Adaptive Smoothing for Streaming Videos
over Best-Effort Network

Abstract

    With the technology advances in multimedia compression and Internet, multimedia applications delivered over Internet are dramatically boosted. Currently, real-time streaming without waiting for complete downloads is the trend of video delivery. However, it is very difficult to allocate resources effectively due to the bursty nature of video traffic. The impact of variable available bandwidth and network delay, which results from a best-effort network such as today¡¦s Internet, may degrade the received video quality drastically. Besides, these multimedia streaming applications generally utilize the UDP protocol that does not provide the congestion control. This may lead to congestion collapse and starvation of TCP traffic in the Internet. Therefore, this thesis proposes an end-to-end adaptive video streaming system by integrating the TCP-Friendly Rate Control (TFRC) with the video traffic smoothing algorithm.
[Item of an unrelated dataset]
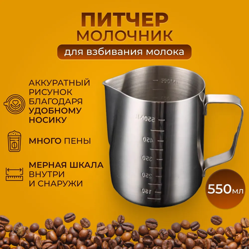 Питчер для молока 550 мл / Кувшин металлический / Кружка мерная

The proposed framework can adaptively adjust the smoothing transmission schedule to ensure the smooth delivery quality for different real-time and pre-stored video streams with low quality degradation. The adaptation is based on the current network condition, the available resources and the characteristics of video traffic. Simulation results show that, when the average available bandwidth is close to the video target encoding rate, the proposed system can effectively reduce the total packet loss rate of online video streaming from 5.67% to 0.91% compared with traditional TFRC solution.